На этот мифический пейзаж, увиденный глазами разжалованного в букмекеры бога Гермеса, уже обратила внимание Мария Ремизова, заключив, что «Змея в зеркале» написана недурно. То же можно бы подтвердить и кое-какими «низкими» картинками в пивнушке на ипподроме, продемонстрировав диапазон возможностей.
А этнографически выверенные и притом захватывающие, полные таинственной хтонической энергии картины «пан-монгольского» подъема в «Князе ветра» Леонида Юзефовича, знатока Монголии и Тибета!
«Наконец грянул оркестр – барабан и четыре дудки. Их медной музыке ответила костяная, под вопли бригадных раковин качнулась и поплыла перед благоговейно затихшей толпой хоругвь золотой парчи с изображенным на ней первым знаком алфавита “соёмбо”. Венчавшие эту идеограмму три языка огня означали процветание в прошлом, настоящем и будущем, расположенные под ними солнце и луна были отцом и матерью монгольского народа… Толпа шатнулась и восхищенно завыла, когда на площади показались первые всадники… Первые шеренги замерли на противоположном краю площади. Подтянулись остальные, затем, по сигналу, цэрики начали перестраиваться, разворачиваясь фронтом к трибуне… Завораживающая сила была в механической правильности этих движений. Я привстал на стременах. Влагой восторга туманило взгляд, озноб шел по коже… Я верил, победа всегда остается за той из двух враждебных сил, которая сотворена из хаоса». Далее следуют: столь же красочные осада и штурм контролируемой китайцами крепости, жуткая расправа над пленным, чинимая в согласии с сакральным (будто бы) ритуалом… Юзефович обеспечил своему квазидетективу принадлежность к прозе высокого разбора, оснастив его этими «записками Солодовникова», русского офицера при повстанческой монгольской армии 1910-х годов.

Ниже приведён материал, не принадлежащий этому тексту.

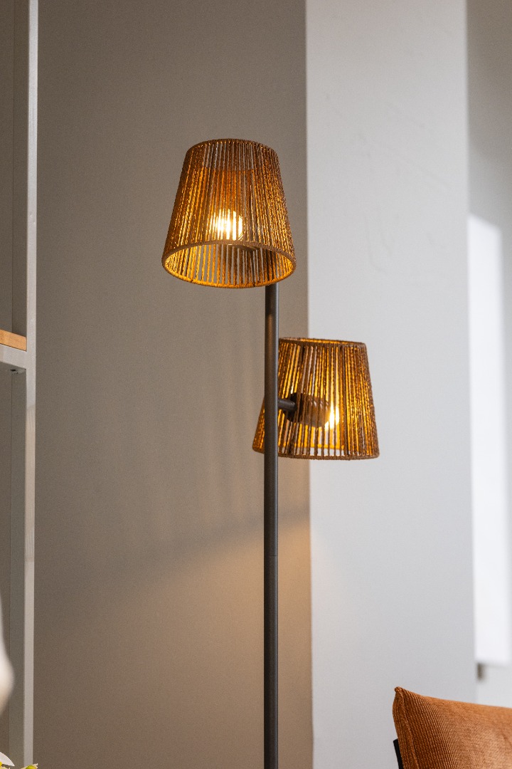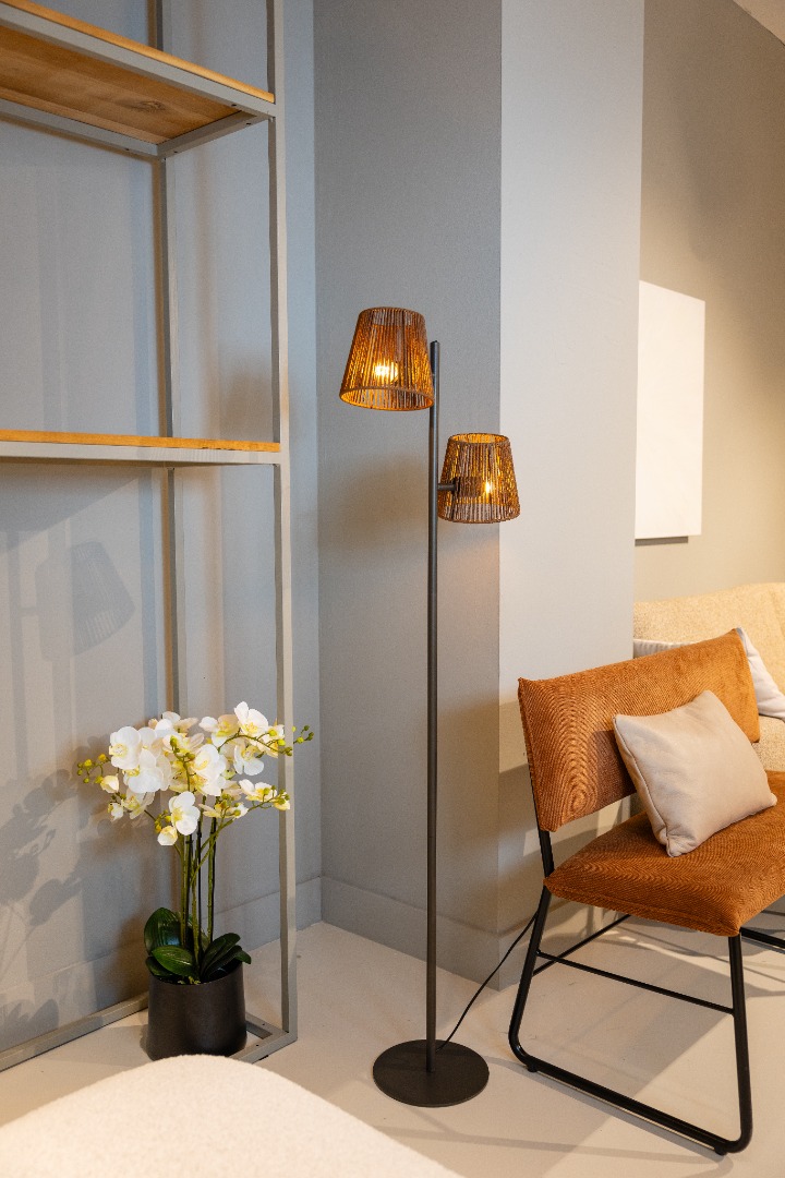 Deze Daan vloerlampen is één van de pronkstukken uit de Daan collectie. Deze collectie omvat een tafel- en twee vloerlampen die prachtig met elkaar gecombineerd kunnen worden. De kleur van deze lamp is Anodic Brown en is een soort prachtig, metallic donkerbruine kleur die zeker de show zal stelen. Het kapje van de lamp maakt met zijn unieke stijl de lamp helemaal af. Bovenop de stang zit een aan/-uitschakelaar waarmee je de lampen eenvoudig (niet afzonderlijk) kunt bedienen. Er zitten 2x E27 fitting op de lamp geschikt voor ieder 15W.

Ну, а что говорить о Михаиле Шишкине, признанном виртуозе стилистических перевоплощений. Для меня, впрочем, не то важно, как он умеет подделаться под Чехова или воспользоваться языковыми извлечениями из средневековой русской повести. Важно, что и сам он умеет видеть и слышать с тонкостью не стилиста, а чувствилища. «За окном жасмин с белыми мышками на ветках. На снегу вавилонская клинопись. На соседнем сарае навалило столько, что он вот-вот тихо рухнет» (особенно хорошо это зимнее «тихо»). «Когда пароход замер у какой-то пристани и замолкли машины, сделалось вдруг тихо и послышался чей-то далекий смех, скакавший по реке, как брошенная галька». Конечно, этому научил тот же Чехов, вернее, Тригорин, и сам Шишкин устами одного из своих фантомных персонажей поясняет, как при известной тренировке такое получается само собой: «Произнесите любое слово, самое затрапезное, хотя бы то же “окно”. И вот оно, легко на помине – двойные зимние рамы, высохший шмель, пыль, забрызганные краской стекла». Но все же жизненный мир шишкинским словом не до конца отвергнут, не погребен под извержением абстракций, ортеговская «удушенная жертва» еще трепещет каждой жилочкой.
Любимец же наших усталых гуманитариев, фонтанирующий каламбурами и ожившими метафорами (ср. начало щедринской «Истории одного города»), забавляющий раблезианскими размерами словопотоков Михаил Успенский нет-нет да и порадует взыскательный взгляд, когда среди изобильных шуток на уровне капустника («Что вы, молодой человек, носитесь со своим королевством, как дурень с писаной Торой!» – из местечковых речей царя Соломона) и «этимологий», что печатались когда-то в столбик на 16-й полосе «ЛГ», обнаружится вдруг великолепная пародия на Гоголя или искусный перечень «постоянных эпитетов», словно хамелеон, меняющий окраску от фольклорной лепоты к кондовой умильности и державной трескотне: «Молодцы у нас все, как один, добрые, а девицы – красные, мужи – доблестные, жены – верные, старцы – премудрые, старушки – сердобольные, дали – неоглядные, леса – непроходимые, дороги – прямоезжие, города – неприступные, нивы – хлебородные, реки – плавные, озера – бездонные, моря – синие, рыбки – золотые, силы – могучие, брови – соболиные, шеи – лебединые, птицы – вольные, звери – хищные, кони – быстрые, бунтари – пламенные, жеребцы – племенные, зерна – семенные, власти – временные, дела – правые, доходы – левые, уста – сахарные, глаза – зоркие, волки – сытые, овцы – целые…»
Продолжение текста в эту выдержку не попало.